• **How to complete this task**:
For the string "Cross", find every matching line in the records and copy it.

____

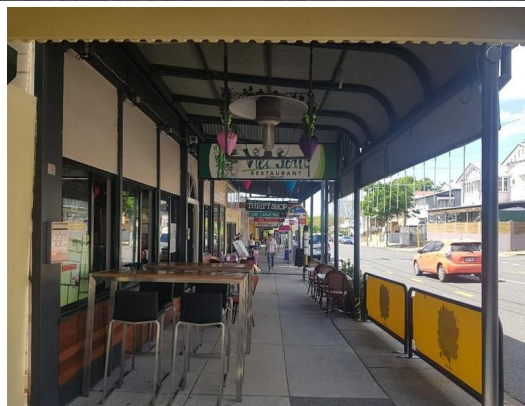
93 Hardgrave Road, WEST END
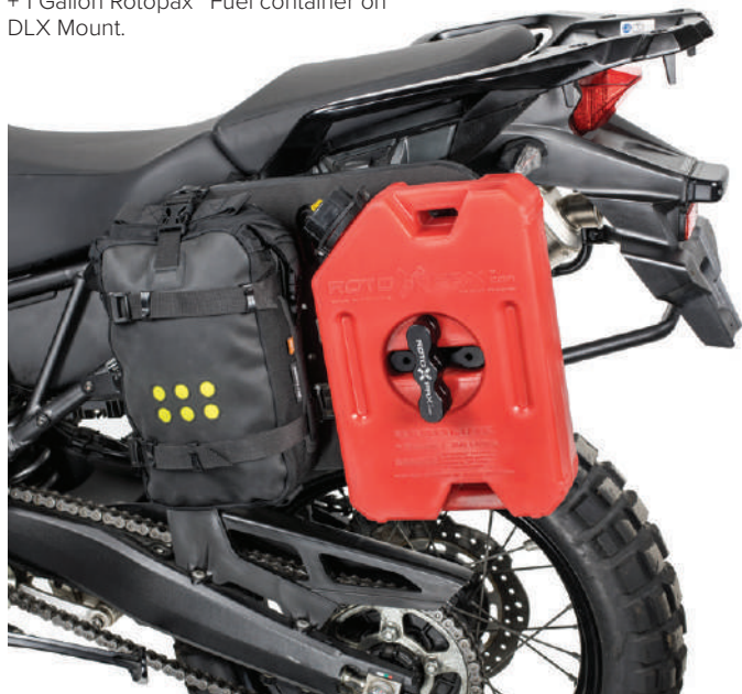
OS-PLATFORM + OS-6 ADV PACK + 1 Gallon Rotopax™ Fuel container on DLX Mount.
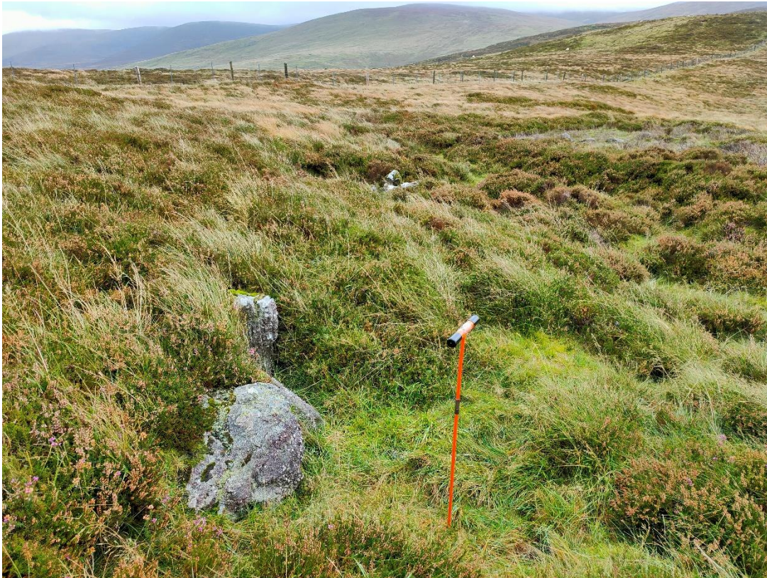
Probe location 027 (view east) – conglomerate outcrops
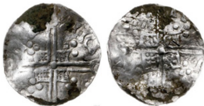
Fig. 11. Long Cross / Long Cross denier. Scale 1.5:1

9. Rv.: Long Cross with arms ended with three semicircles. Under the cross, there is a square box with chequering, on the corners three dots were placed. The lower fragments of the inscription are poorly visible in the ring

____

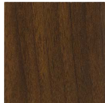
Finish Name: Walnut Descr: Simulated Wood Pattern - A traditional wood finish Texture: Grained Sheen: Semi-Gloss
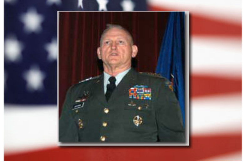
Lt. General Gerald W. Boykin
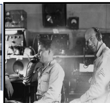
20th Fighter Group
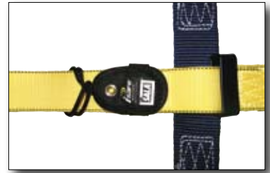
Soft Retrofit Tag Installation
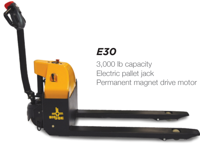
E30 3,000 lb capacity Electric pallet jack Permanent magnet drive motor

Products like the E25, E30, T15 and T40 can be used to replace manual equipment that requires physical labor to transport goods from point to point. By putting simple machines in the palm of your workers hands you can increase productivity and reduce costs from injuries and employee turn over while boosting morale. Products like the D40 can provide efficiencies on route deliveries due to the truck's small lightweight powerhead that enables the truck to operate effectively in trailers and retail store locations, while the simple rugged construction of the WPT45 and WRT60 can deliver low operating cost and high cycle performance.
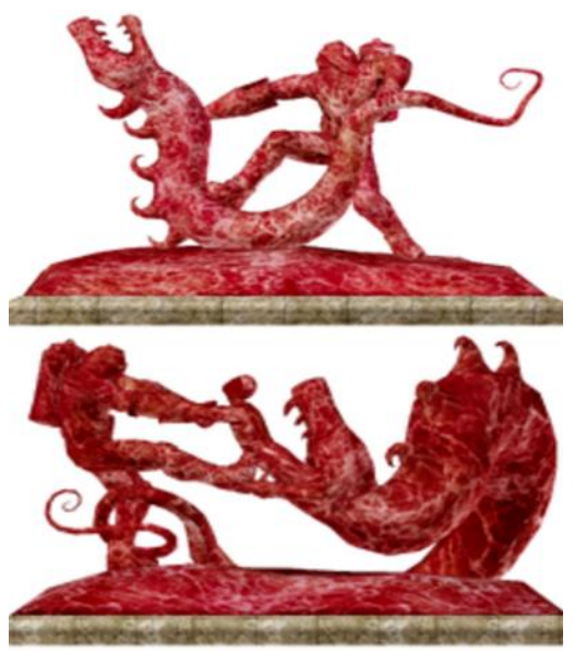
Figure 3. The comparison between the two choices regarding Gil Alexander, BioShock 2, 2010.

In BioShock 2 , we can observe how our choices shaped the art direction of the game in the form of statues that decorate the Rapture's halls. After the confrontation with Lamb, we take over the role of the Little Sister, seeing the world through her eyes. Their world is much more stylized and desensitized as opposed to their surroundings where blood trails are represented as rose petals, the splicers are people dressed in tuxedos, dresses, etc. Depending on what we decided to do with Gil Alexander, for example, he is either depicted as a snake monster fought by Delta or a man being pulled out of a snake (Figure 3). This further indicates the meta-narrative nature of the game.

____

• **Written response**:
Fig. 11. Long Cross / Long Cross denier. Scale 1.5:1
9. Rv.: Long Cross with arms ended with three semicircles. Under the cross, there is a square box with chequering, on the corners three dots were placed. The lower fragments of the inscription are poorly visible in the ring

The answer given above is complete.